As I mentioned earlier, I don’t do well with “missing.” It’s just not a concept with which I’m comfortable.

Much to my family’s dismay, I still log hours each week in search of a blue striped bed sheet that went missing in late winter.

A 10’ X 8’ sheet doesn’t simply disappear. It’s lurking about my house somewhere, and the possibilities are unsettling.

Missing things have a brief window of time to turn up before garbage day. After that, someone will shrug and proclaim the item was “accidentally thrown away.” Everyone accepts this. It’s a reasonable explanation in which we can all take comfort—Whatever it was didn’t just drop off the face of the earth. Of course not. We move on. Order is restored.

I’ll submit right here that if everything chalked up to the dump actually turned up there, our current understanding of the landfill issue would be redefined. We'd take to burning our trash in the streets, as I understand they're currently doing in Naples.

Something the size of a Queen bed sheet doesn’t get accidentally thrown away, and I’m pretty sure the sandwich wasn’t either.

The sandwich—a hasty purchase made at the height of my “major book tour”—was purchased at the suggestion of sister while we were in line at the coffee shop at breakfast Wednesday morning.

I thought her efficiency had reached new heights when she suggested that I order lunch as well. I’m embarrassed to say that it took me a moment to realize that she only meant for me to purchase the lunch for later consumption and not just snarf it down it right along with breakfast.

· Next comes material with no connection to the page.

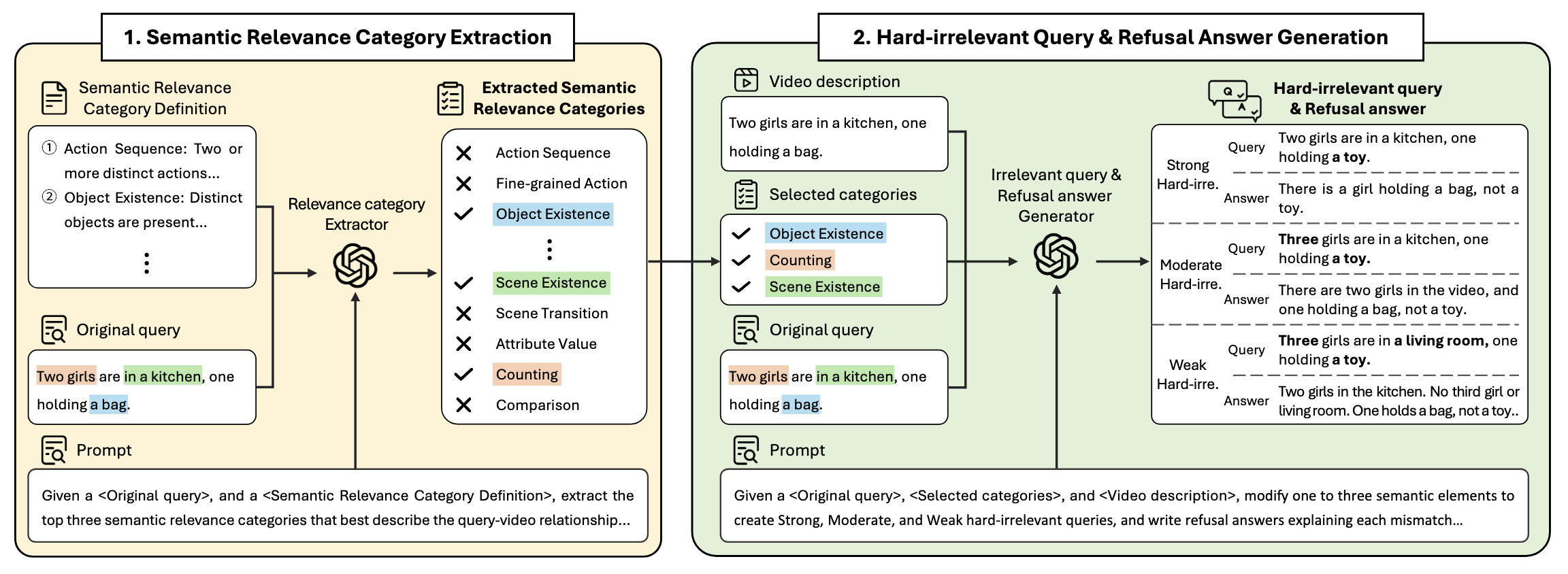 GPT-5-mini를 사용해 쿼리를 쿼리와 비디오 간의 관계를 잘 설명하는 11개의 semantic relevance category로 분류한다. 추출된 카테고리와 기존 쿼리를 기반으로, 하나에서 세 개의 semantic element를 변형한다. 한 가지를 변형하면 Strong Hard-Irrelevant, 두 가지를 변형하면 Moderate Hard-Irrelevant, 세 가지를 전부 변형하면 Weak Hard-Irrelevant로 분류된다. 생성된 각 쿼리에 대해 GPT-5-mini를 사용해 쿼리가 영상과 일치하지 않는 이유를 설명하는 refusal answer을 생성한다.

The sandwich kicked around. It spent time in my sister’s office refrigerator. It went to my mother’s house. It was nowhere to be found when I became famished between assemblies at the middle school.

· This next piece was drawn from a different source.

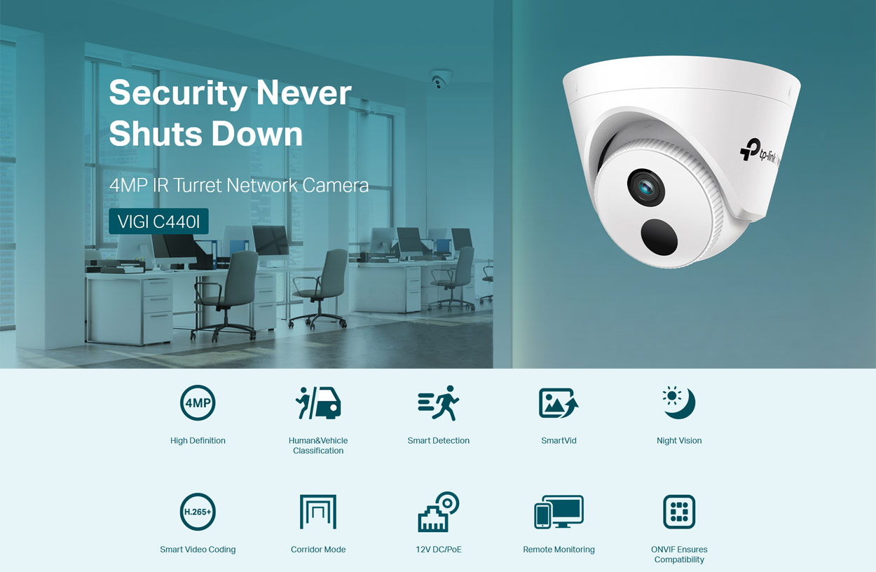 TP-LINK VIGI C440I 2.8mm - Ενσύρματη Δικτυακή IP κάμερα ασφαλείας εσωτερικού χώρου, της εταιρείας TP-LINK, από την επαγγελματική σειρά προϊόντων VIGI της TP-Link, με υψηλή ανάλυση εικόνας 4MPixels. Προσφέρει έως και 30% καλύτερη εικόνα σε σχέση με μία κάμερα ανάλυσης 3MP και είναι κατάλληλη για εγκατάσταση σε επαγγελματικούς αλλά και οικιακούς χώρους, προσφέροντας υψηλή ανάλυση εικόνας, με πολύ καλή αποτύπωση λεπτομερειών σε πρόσωπα αλλά και αντικείμενα. Για την μετάδοση της εικόνας, συνδέεται απευθείας σε ένα δίκτυο IP, όπως το Internet ή ένα τοπικό δίκτυο (LAN), επιτρέποντας τον απομακρυσμένο έλεγχο του χώρου εγκατάστασης, μέσω υπολογιστή ή άλλης συσκευής (smartphone ή tablet), που έχει πρόσβαση στο ίδιο δίκτυο.

The sandwich was eventually transferred to a brown bag and handed to me at some point on Thursday, and from there the details are murky.

The journalist in me likes to report, analyze and interpret events in a way that is enlightening and informative. To me, missing represents sloppy.

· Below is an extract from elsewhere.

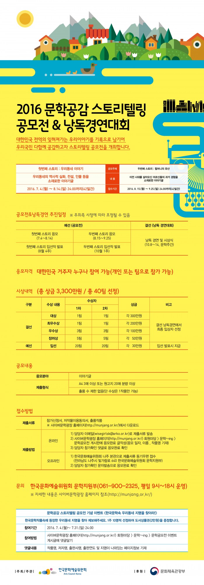 대한민국 거주자 누구나 응모할 수 있다. 출품작은 이메일 또는 우편으로 가능하다. 응모된 작품에 대해서는 외부전문가로 구성된 심사위원회의 입선작 심사를 거친 뒤 10월 열리는 '2016 문학주간' 행사 중 낭독경연대회를 통해 최종 수상자를 선정한다. 총 40팀에게 총상금 3300만원을 준다.한국문화예술위원회 주최 '2016 문학공감 스토리텔링 공모전' 공식 포스터 <사진제공=한국문화예술위원회>

To reach a part of a story where there are simply no details smacks at best of poor research or sketchy interviewing. At worst, it’s a lack of creativity—an inability to connect the dots, to frame events in a meaningful way.

Now, my dad says that good writing should take a reader all the way to nine, but let them find 10 on their own—his personal interpretation of “show, don’t tell.”

Which leaves some wiggle room for uncertainty.

I guess that insisting on tidy, neat and conclusive excludes most of life. A basic tenant of all writing is really the unknown. If we all knew just where everything stood, we wouldn’t need newspapers, or books, or blogs.

Typing a concluding sentence is not to be confused with the end of the story. A finished article is really just an illusion, after all.

Story subjects go right on living beyond the margins of the newspaper.

Sandwiches disappear, laundry vanishes.

And a good story can still be put to bed—even without sheets.

Friday, May 25, 2007

Drip Dry

“I forgot my pants,” I say to my sister this morning as we’re heading into town. She’d just announced to my niece and nephew in an unnaturally chipper tone that we were only “5 minutes behind schedule today,” so I didn’t give her offer to turn around much weight.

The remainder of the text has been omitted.